A website showing results and animations can be found here.

### Usage

#### Propagating uncertainty through PCA and visualize output uncertainty as animated scatter plot

In order to propagate uncertainty through PCA the class `PCA` can be used, which has the following parameters, attributes, and methods:

Parameters
matrix : array_like
Array of size [n, p] containing mean numbers to which VIPurPCA should be applied.
n_components : int or float, default=None, optional
Number of components to keep.
axis : {0, 1} , default=0, optional
The default expects samples in rows and features in columns.
cov_data : array_like of shape [np] or [np, n*p] , default=None, optional
Uncertainties attached to the numbers in matrix.
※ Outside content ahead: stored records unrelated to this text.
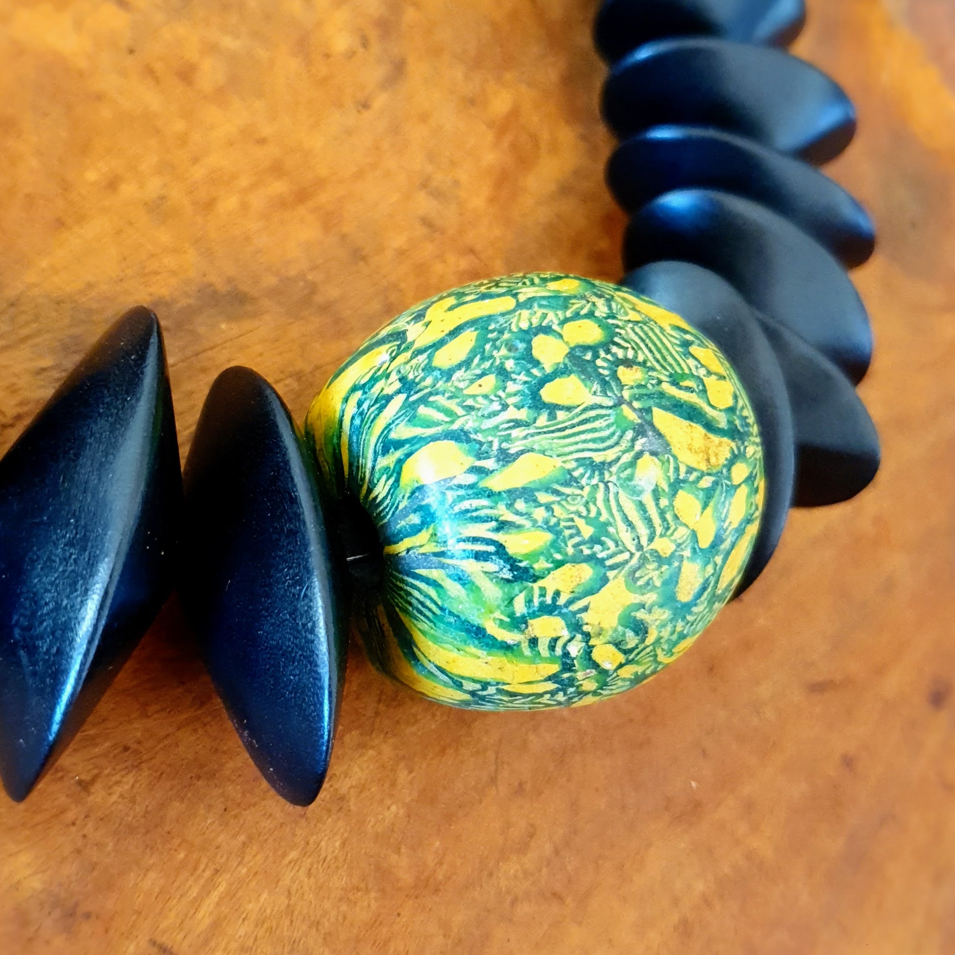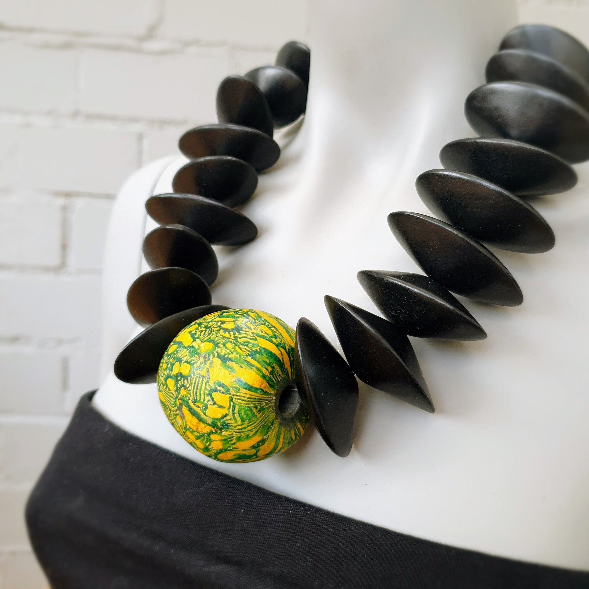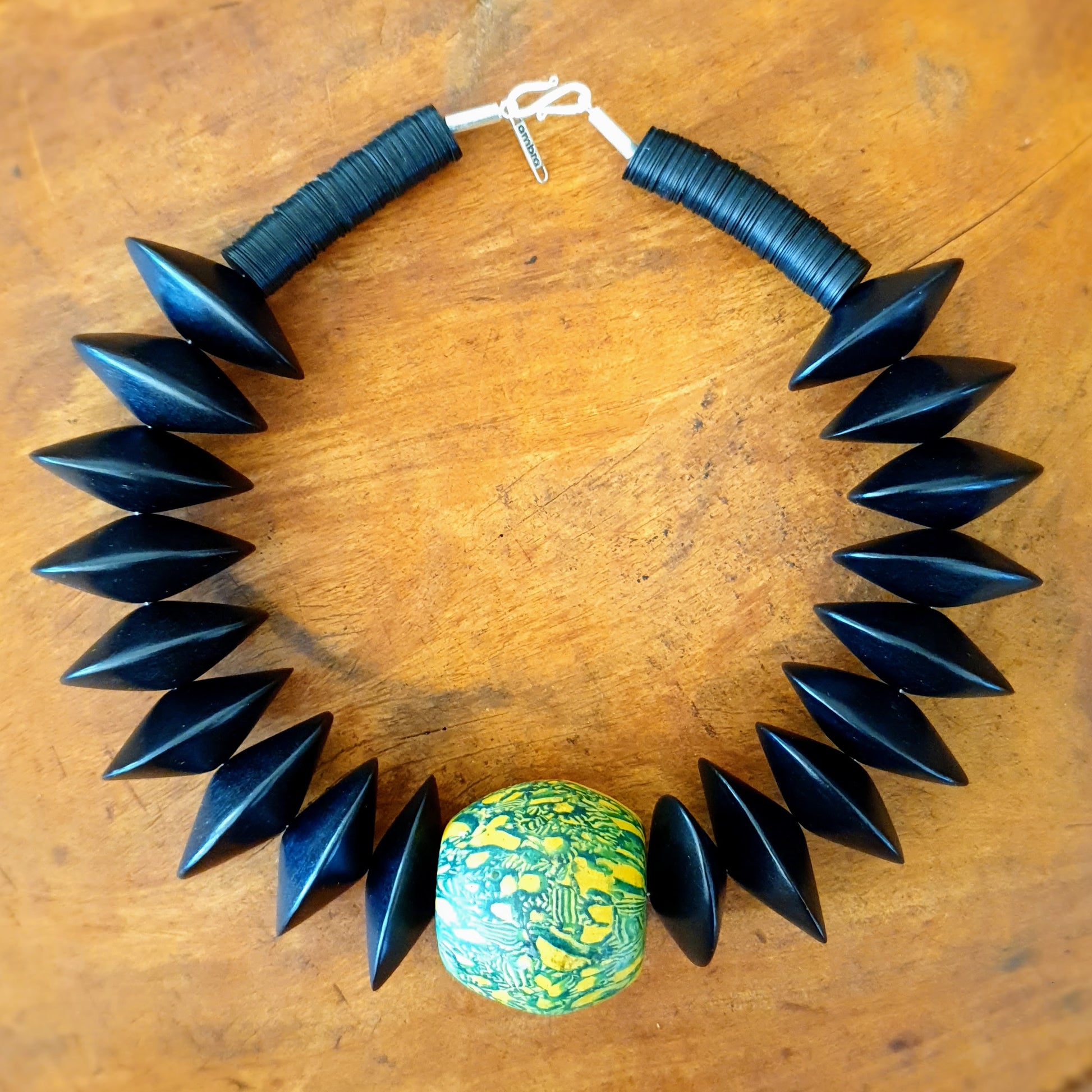 Opulente handgearbeitete Unikat- Halskette mit einer großen, sehr aufwendig handgefertigten grüngelben Mosaik-Glasperle der Majapahit-Kultur von der Insel Java, großen markanten schwarzen Ebenholzelementen aus Afrika und afrikanischen Bakelitscheiben mit Silberverschluss von ambra Schmuck.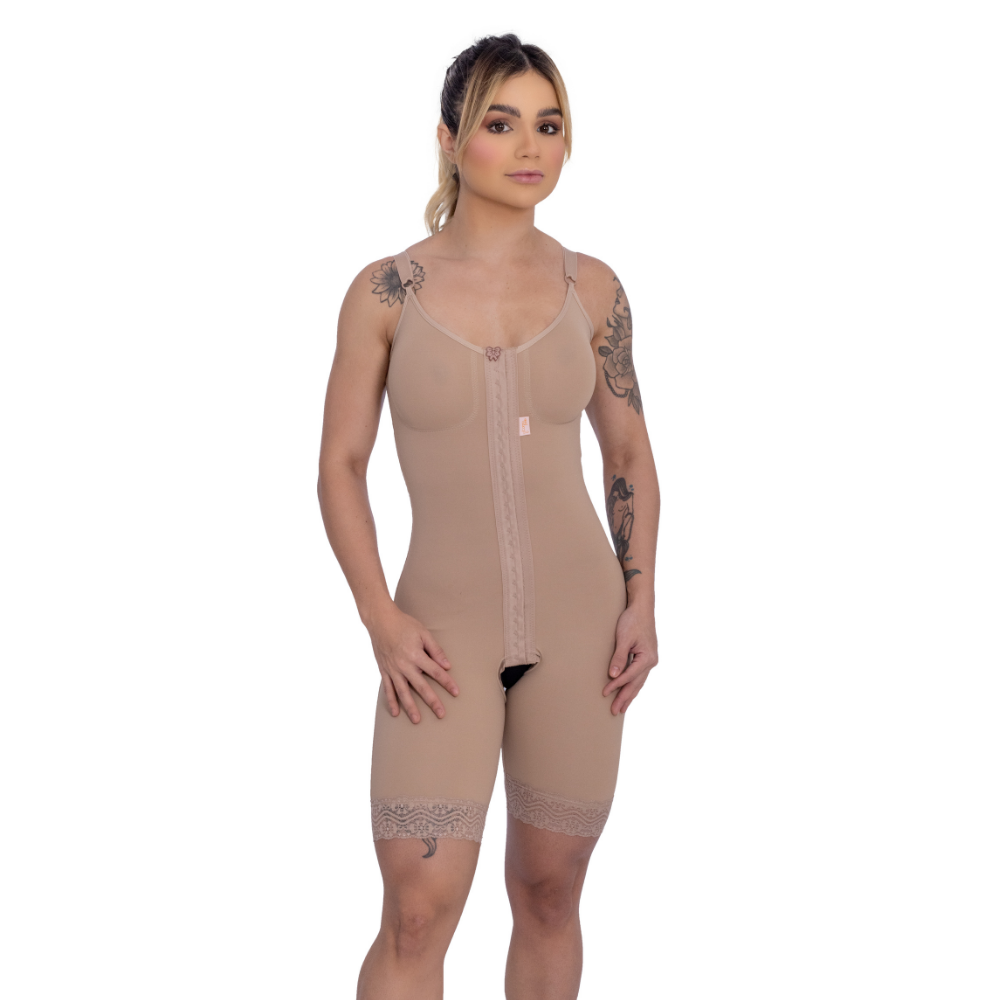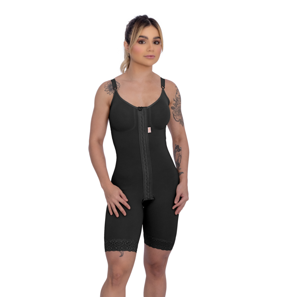 Modelador com busto integrado, pernas 1/2 coxa, abertura frontal e alças finas ajustáveis, confeccionado em tecido Confort de alta compressão para oferecer suporte, conforto e segurança durante o uso.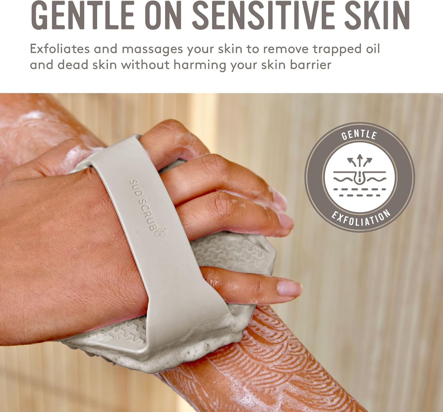 Sud Scrub® Antimicrobial Silicone Body Scrubber, Exfoliating Body Scrubber for Sensitive Skin, Eco Friendly Shower Scrubber for Body, Silicone Body Brush for Showering, Clay

If cov_data is one-dimensional it is assumend to be the diagonal of a diagonal matrix. If None
compute_jacobian : Boolean, default=False, optional
Whether or whether not to propagate uncertainty through PCA.
Attributes
size : [n, p]
Dimension of matrix (n: number of samples, p: number of dimensions)
covariance : ndarray of size [p, p]
Features' covariance matrix.
eigenvalues : ndarray of size [n_components]
Eigenvalues obtained from eigenvalue decomposition of the covariance matrix.
eigenvectors : ndarray of size [n_componentsp, np]
Eigenvectors obtained from eigenvalue decomposition of the covariance matrix.
jacobian : ndarray of size [n_componentsp, np]
Jacobian containing derivatives of eigenvectors w.r.t. input matrix.
jacobian_eigenvalues : ndarray of size [n_componentsp, np]
Jacobian containing derivatives of eigenvalues w.r.t. input matrix.
cov_eigenvectors : ndarray of size [n_componentsp, n_componentsp]
Propagated uncertainties of eigenvectors.
cov_eigenvalues : ndarray of size [n_components*n_components]
Propagaged uncertainties of eigenvalues.
transformed data : ndarray of size [n, n_components]
Low dimensional representation of data after applying PCA.
Methods
pca_value() Apply PCA to the matrix.
pca_grad(center=True) Apply PCA to the matrix and compute the jacobian and jacobian_eigenvalues using automatic differentiation.
transform_data() Transform matrix according to eigenvectors and reduce dimensionality according to n_components.
compute_cov_eigenvectors() Compute uncertainties of eigenvectors.
compute_cov_eigenvalues() Compute uncertainties of eigenvalues.
animate(n_frames=10, labels=None, outfile='animation.html') Generate animation with n_frames number of frames with plotly. labels (list, 1d array) indicate labelling of individual samples. Save animation (as html) at outfile.

#### Example datasets

Three example datasets can be loaded after installing VIPurPCA providing mean, covariance and labels.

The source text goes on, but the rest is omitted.